The suction side path forming member 71 is configured as a member that is placed in a block shape between the vacuum exhausting device 1C and the vacuum exhausting device 1D. The suction side path forming member 71 is formed with a path 75 for connecting the pump chamber 21C of the vacuum exhaust device 1C and the pump chamber 21D of the vacuum exhaust device 1D (refer to FIG. 8), and simultaneously forming the connection pipe member 73 and the vacuum. The intake side path (connection path) 76 of the pump chambers 22D and 23D of the exhaust device 1D (refer to Fig. 9). The piping member 73 is coupled to the intake side path formation The piping path 78 formed in the piping member 73 is connected to the suction side path 76 in the side part of the member 71. The intake side path 76 is constituted by two paths indicated by reference numerals 76a and 76b in Fig. 8.

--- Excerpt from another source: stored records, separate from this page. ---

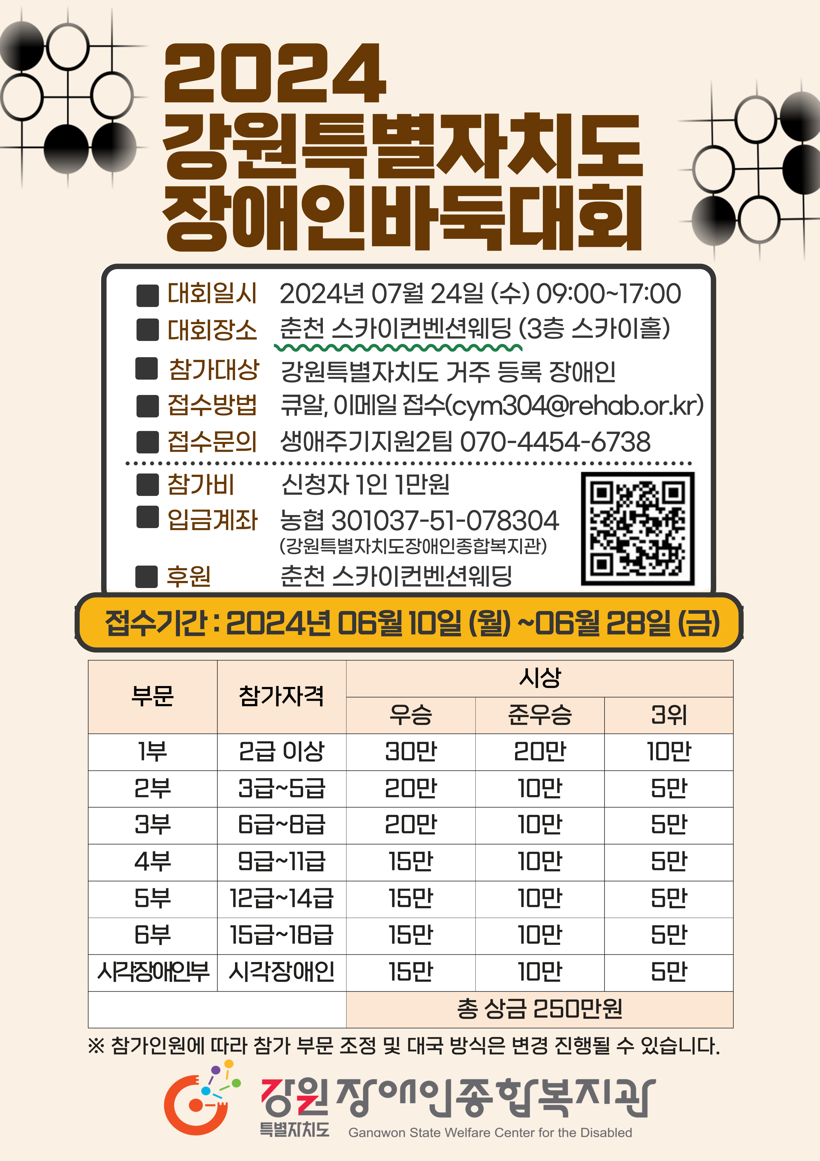 2024년 7월 24일 수요일 춘천 스카이컨벤션웨딩홀에서 강원특별자치도장애인바둑대회를 진행합니다.
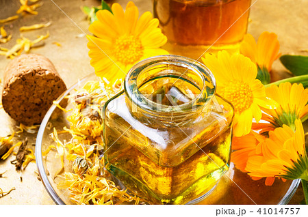 Basket of healthy calendula medicinal herbs. Marigold flowers. Bottles of calendula essential oil and infusion, fresh marigold flowers. Alternative herbal medicine.
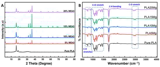 The XRD spectra of PLA and Mg-incorporating samples are shown in Figure 5A. As the concentration of Mg increased in the PLA samples, the peaks in the Mg alloy at 2θ = 32°, 34°, and 36° became more pronounced. The pure PLA had a semi-crystalline structure, as indicated by peaks at 2θ = 16° and 19.5°, which correspond to the “α” crystallization phase. With increasing Mg concentration, the XRD pattern showed less intense peaks, indicating a lower degree of crystallinity for the Mg-loaded samples. It is important to note that the XRD peaks only provide information about the crystallinity of a thin surface layer and the bulk crystallinity may be different. These results are in agreement with similar studies reported in the literature [19].
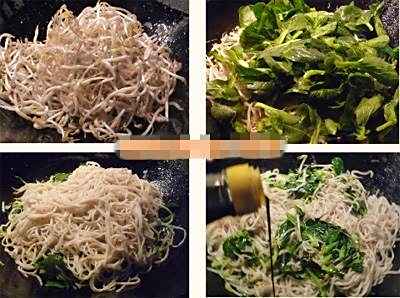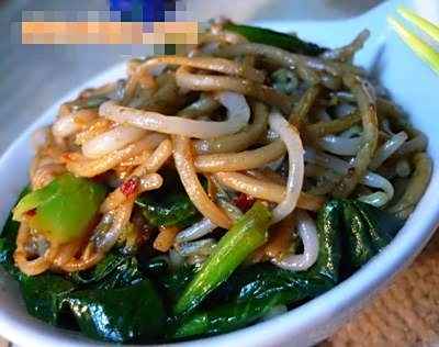 1.油热,葱、姜炝锅后加入绿豆芽炒至稍软
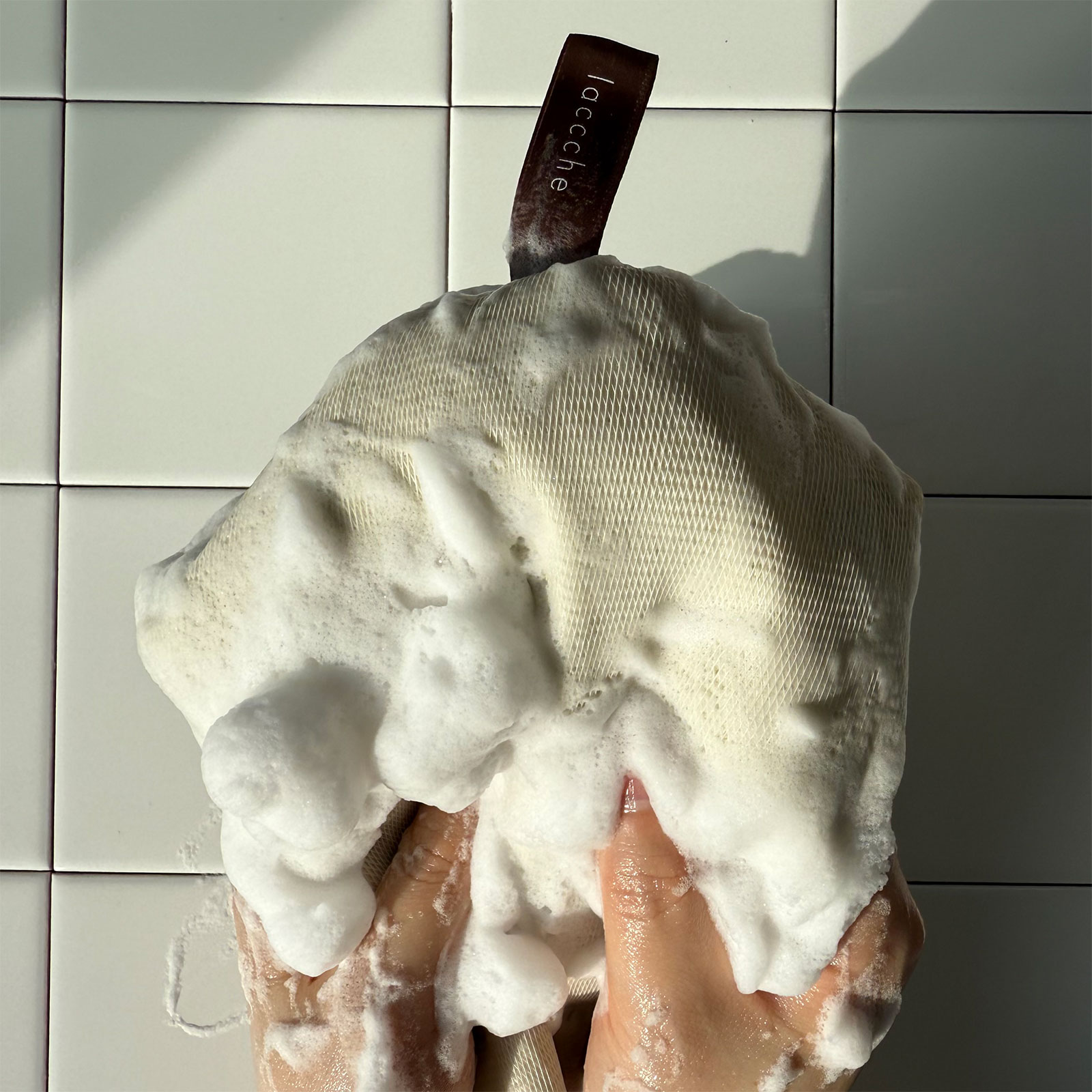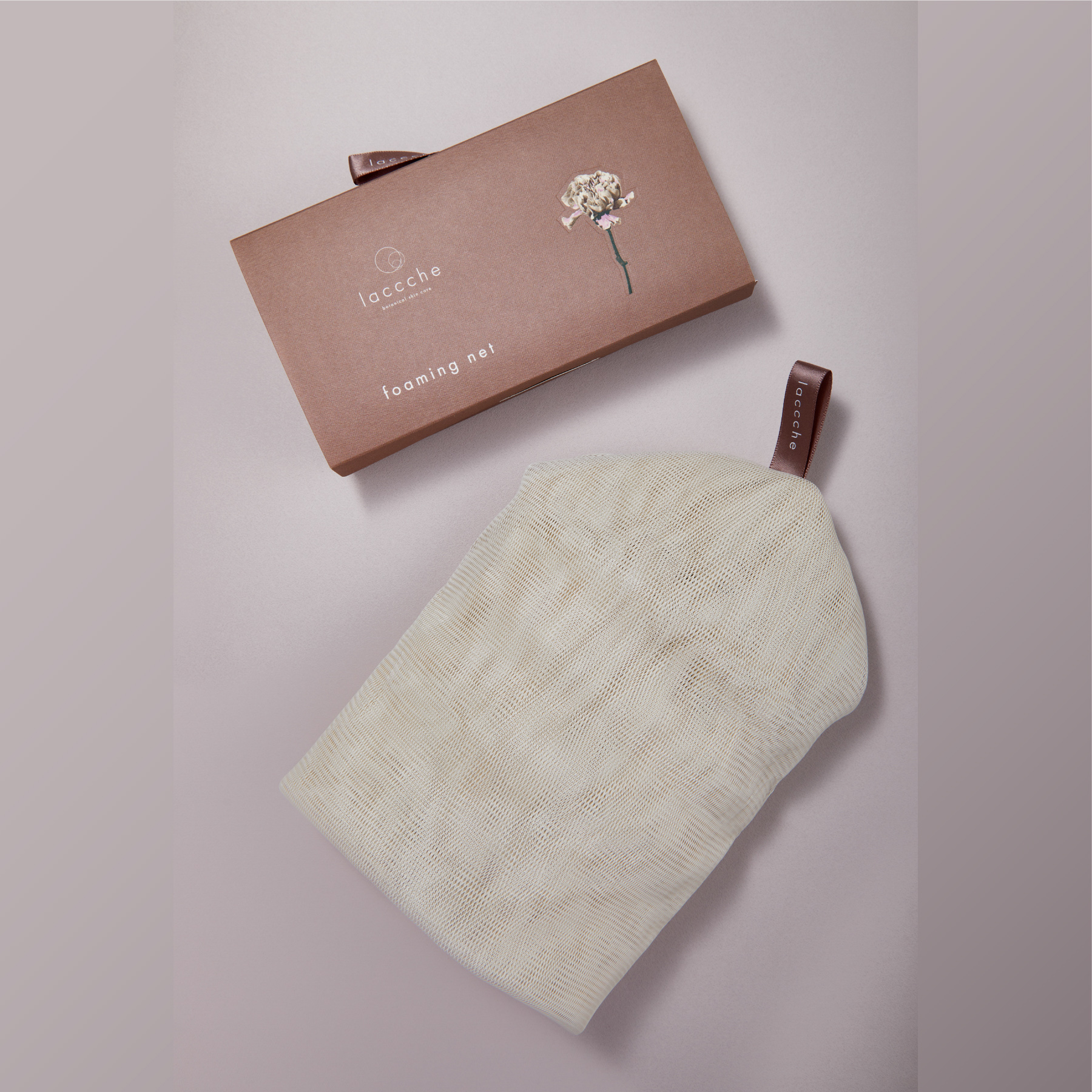 2025年春に誕生したボタニカルスキンケアのブランド「laccche(ラッシェ)」の6層ネット+ 2層石けんポケットの8層泡立てネット。大きめサイズでキメの細かいやさしい泡がすばやく作れます。

Fig. 12 is a perspective view of the vacuum exhausting device 1E (which may also be 1D) viewed from above. Fig. 13 is a perspective view of the vacuum exhausting device 1E viewed from below. The outer casing of the vacuum exhausting device 1E has an upper and lower divided structure similarly to the above, and includes an upper casing 25Ea and a lower casing 25Eb. An intake unit 103 (see FIG. 12) is provided in the upper casing 25Ea, and an exhaust unit 104 is provided in the lower casing 25Eb. In addition to the O-ring 53 embedded in the end surface 103a of the intake portion 103, a gasket (not shown) is also applied. The gasket is a sealing member for interrupting the communication between the adjacent suction ports 31E, 32E, and 33E.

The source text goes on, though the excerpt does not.